The regulators ignored all notices, deliberately circumvented NCAT, and ensured the lawyers could not be heard or present their evidence. This protected not only the alleged fraud and false records of the judges, but also the regulators’ own failure to comply with their statutory duties under the Uniform Law to refer suspected offences to the proper authorities.


This is not merely retaliation. It is a systemic cover-up.


Stripping Away Dignity and Access to Justice

The regulators not only unlawfully stripped two lawyers of their practising rights and their livelihoods, they stripped them of their human dignity.


And their actions go further still: they stripped their clients and the wider community of lawful access to justice and legal representation.


Do you know what it feels like for a client to suddenly lose their legal representation? They are left without help in a system full of complex, often urgent requirements. They lose faith.

They too are stripped of their dignity, embarrassed and humiliated, forced to explain to the court why their solicitor has been removed for reasons that have nothing to do with them.


This humiliation touches everyone associated. It is a collective stripping of human dignity.


Collapse of Public Confidence

The awareness that such tyrannical and unlawful actions were taken by legal regulators against two lawyers, who breached nothing, had no prior adverse records, were denied due process, and were simply branded “unfit” without any lawful determination, brings the entire legal system and profession into disrepute.


The public inevitably loses trust and confidence. They see no integrity in the legal regulators and begin to question whether the system is fair and just. It undermines the very administration of justice.


The Threat to Clients

What is even more shocking is that the Law Society now seeks the records of the very clients they have already harmed, people whose cases they unlawfully disrupted, whose representation they stripped away.

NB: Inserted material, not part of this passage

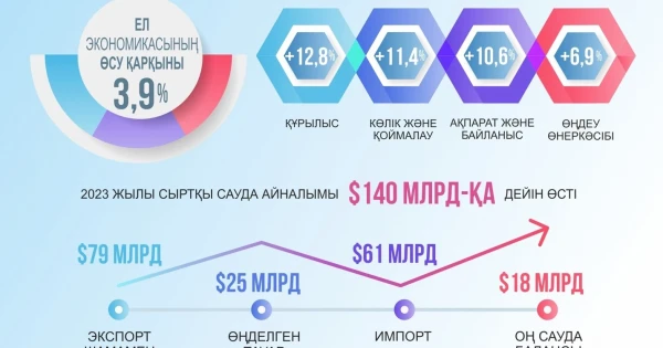 Үкімет басшысының орынбасары – Ұлттық экономика министрі Нұрлан Байбазаровтың сөзіне қарағанда, есепті кезеңде ел экономикасының өсу қарқыны 3,9%-ды құрады. Салалар арасында құрылыс (+12,8%), көлік және қоймалау (+11,4%), ақпарат және байланыс (+10,6%), сондай-ақ өңдеу өнеркәсібі (+6,9%) ең жақсы динамиканы көрсетіп отыр.

Clients deserve protection from these regulators, not exposure to further intrusion and harm. They must be shielded from unlawful and corrupt conduct.


Accountability Must Return to the Law

his is the work of the Law Society’s Professional Standards Department and Legal Regulation divisions, the 15-member Council and its President, and the Office of the Legal Services Commissioner, with the assistance of the Attorney General and MP Hugh McDermott, who together created a fabricated category of “alleged prior misconduct,”  a classification that does not exist under the Legal Profession Uniform Law.

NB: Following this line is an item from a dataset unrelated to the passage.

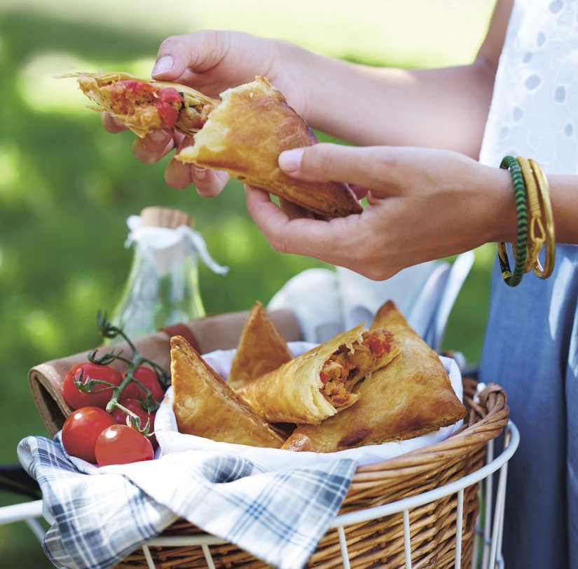 - Cut each sheet of pastry in half from corner to make 4 large triangles in total. Pile the vegetable mixture on one side and brush the edges with a little of the beaten egg. Fold over the pastry to cover the filling and pinch the edges to seal. Transfer the pasties to a baking sheet and brush with a beaten egg.

By their conduct in these cases, they have not upheld the rule of law or protected the public, they have eroded it. Their actions demonstrate lawlessness cloaked in authority, targeting innocent lawyers, their firm, and their families, stripping them of their livelihoods and human dignity.


This is a reflection of them, of their character and what they stand for: a cowardly act, carried out by those who ignored every notice and silenced their victims in order to commit multiple unlawful acts in office, without accountability.


This is not Australia. This is tyranny, and it has no place in a democratic society such as ours.

The consequences of these unlawful actions are irreparable and far-reaching, and yet to be fully realised. Already, members of the public have been emboldened to breach legal agreements and disregard the courts, believing that the Law Society and OLSC place them above the law.


It remains the solemn duty of lawyers to protect their clients from those who have already shown themselves capable of acting with malice, unlawfulness, and corruption.